## EXERCISE
Give again, word for word, the lines below that run from the line with "魔法のティーパーティーとアン" through the line with "Почему Biomed Superwhite". Drop the pictures.

## INFORMATION SHOWN
⟨

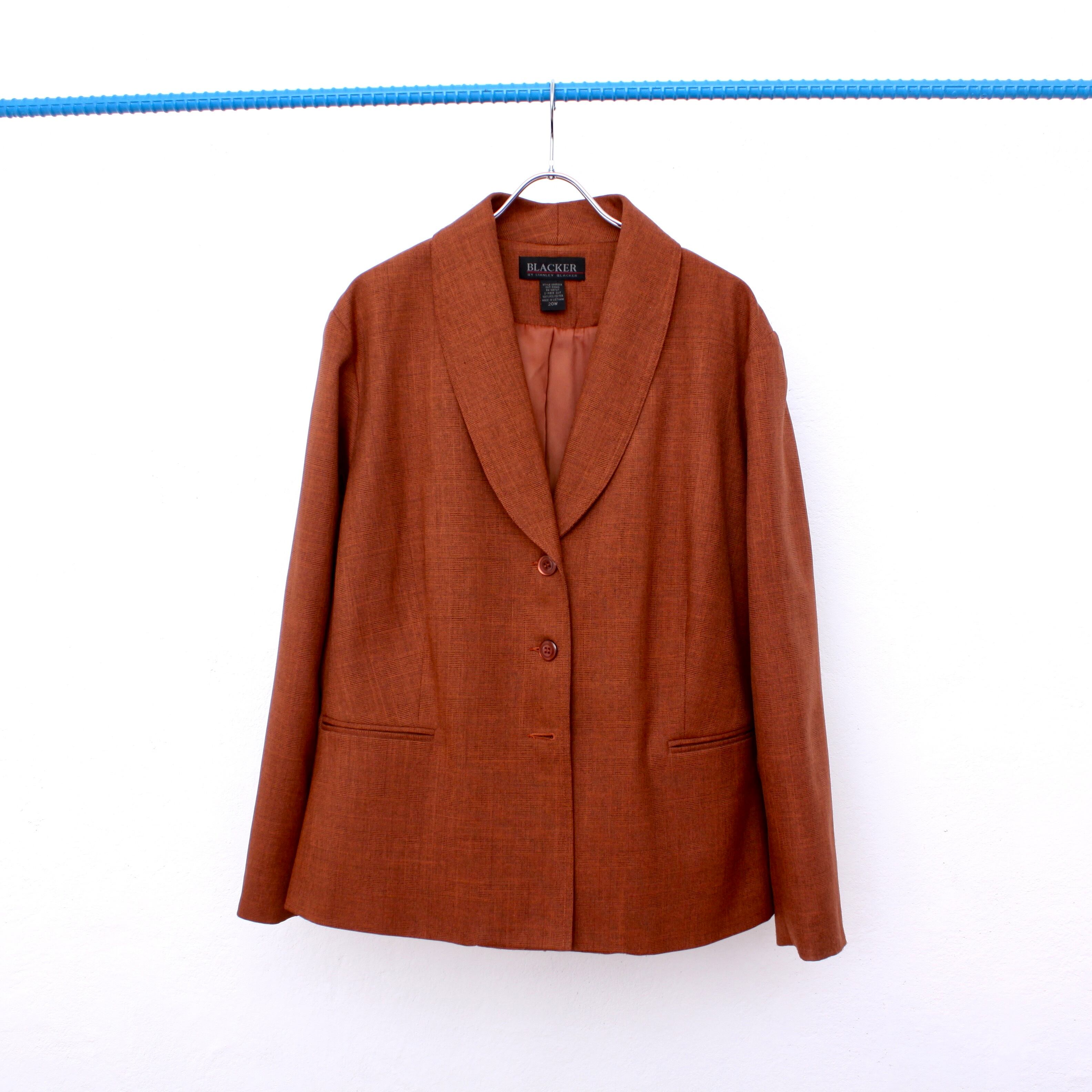 0099. shawl collar tailored jacket オレンジ 織り柄 チェック ショールカラー テーラードジャケット 古着
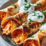 Lay out each tortilla flat, then spoon about 2 to 3 tablespoons of the buffalo chicken mixture down the center. Sprinkle some shredded cheddar and mozzarella cheeses directly on top of the filling for that dreamy cheesy stretch. Roll the tortilla up tightly around the filling and place it seam-side down on your baking sheet to keep it secure. Repeat until all tortillas are filled and rolled.
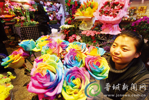 這就是300元的七彩玫瑰。記者焦宇 攝
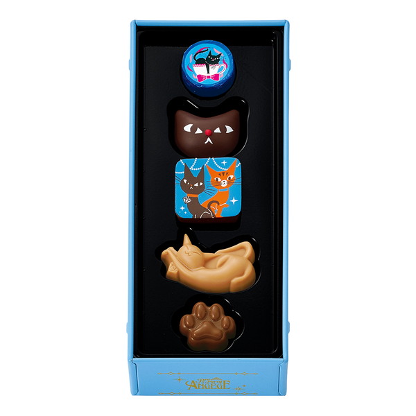 魔法のティーパーティーとアンジュジュを描いた缶に、猫型プリントチョコレートや、肉球型のチョコレートを詰め合わせました。
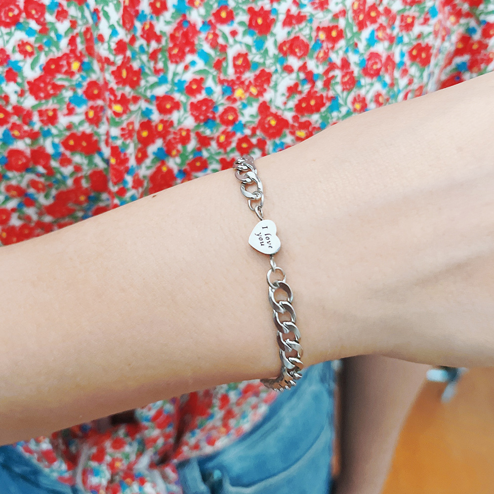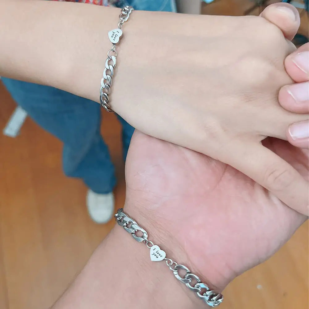 Crafted from high-quality stainless steel, this bracelet features a charming heart shape that symbolizes your everlasting connection. Its steel color adds a modern touch, making it suitable for any occasion, whether it's a romantic dinner or a casual outing.
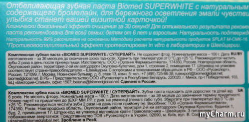 Почему Biomed Superwhite – это правильная зубная паста? Она не содержит парабенов, синтетических красителей и ароматизаторов, и что важно конкретно для меня – фтора. Она хорошо очищает. Рекомендована для всей семьи, начиная с детей от 6 лет. Плюс это не разорительный для семейного бюджета продукт. Обычная цена в магазине, куда я хожу за бытовой химией, - 92 рубля. Я беру, когда они делают скидку на эту категория товара, по 68-70 рублей. Объем тюбика - 100 гр. Нам вдвоём с мужем хватает тюбика на месяц. Ещё один немаловажный фактор - добротная упаковка и очень плотная фольга, крепко закрывающая «вход»в тюбик и обеспечивающая гигиеничность товара.
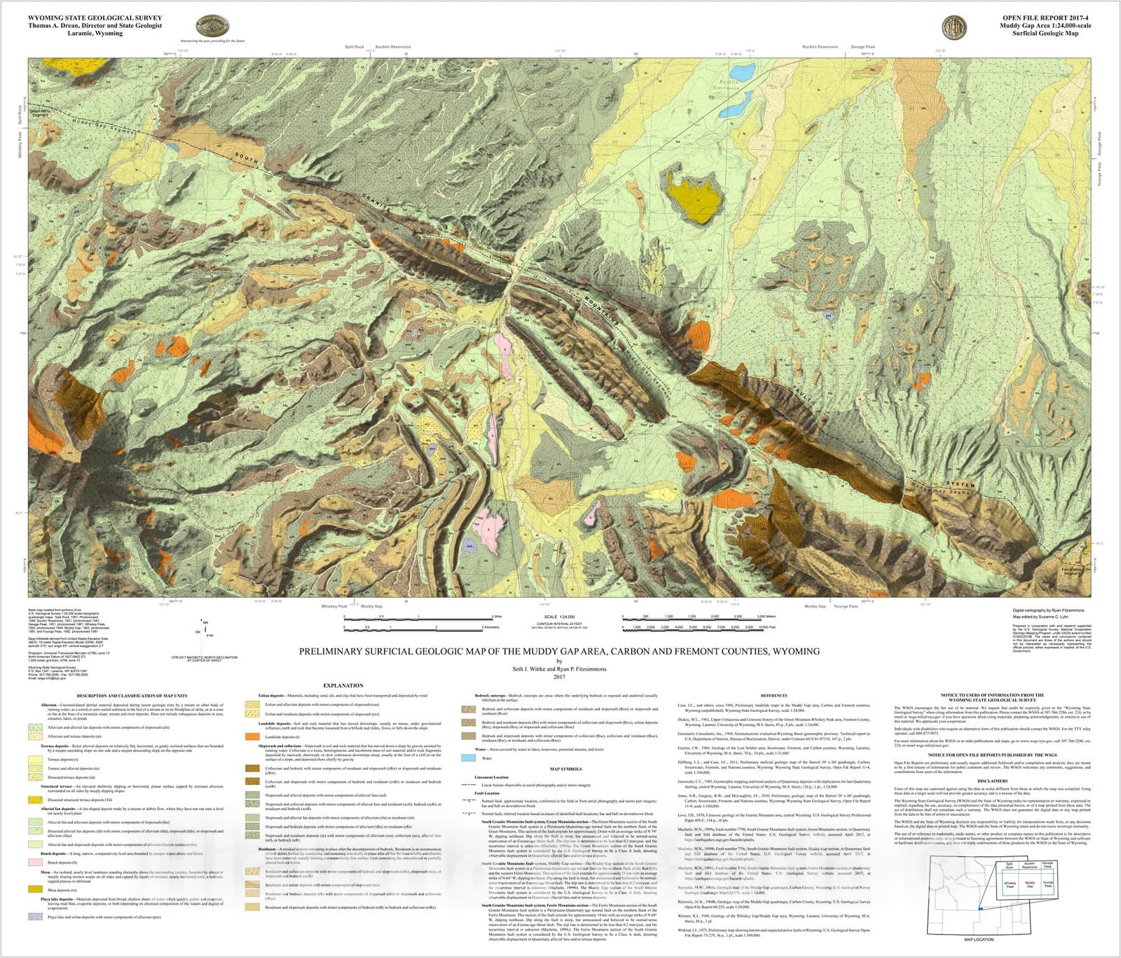 Map : Preliminary surficial geologic map of the Muddy Gap Area, Carbon and Fremont counties, Wyoming, 2017 Cartography Wall Art :

⟩

## OUTPUT FOR THIS TASK
 魔法のティーパーティーとアンジュジュを描いた缶に、猫型プリントチョコレートや、肉球型のチョコレートを詰め合わせました。
 Crafted from high-quality stainless steel, this bracelet features a charming heart shape that symbolizes your everlasting connection. Its steel color adds a modern touch, making it suitable for any occasion, whether it's a romantic dinner or a casual outing.
 Почему Biomed Superwhite – это правильная зубная паста? Она не содержит парабенов, синтетических красителей и ароматизаторов, и что важно конкретно для меня – фтора. Она хорошо очищает. Рекомендована для всей семьи, начиная с детей от 6 лет. Плюс это не разорительный для семейного бюджета продукт. Обычная цена в магазине, куда я хожу за бытовой химией, - 92 рубля. Я беру, когда они делают скидку на эту категория товара, по 68-70 рублей. Объем тюбика - 100 гр. Нам вдвоём с мужем хватает тюбика на месяц. Ещё один немаловажный фактор - добротная упаковка и очень плотная фольга, крепко закрывающая «вход»в тюбик и обеспечивающая гигиеничность товара.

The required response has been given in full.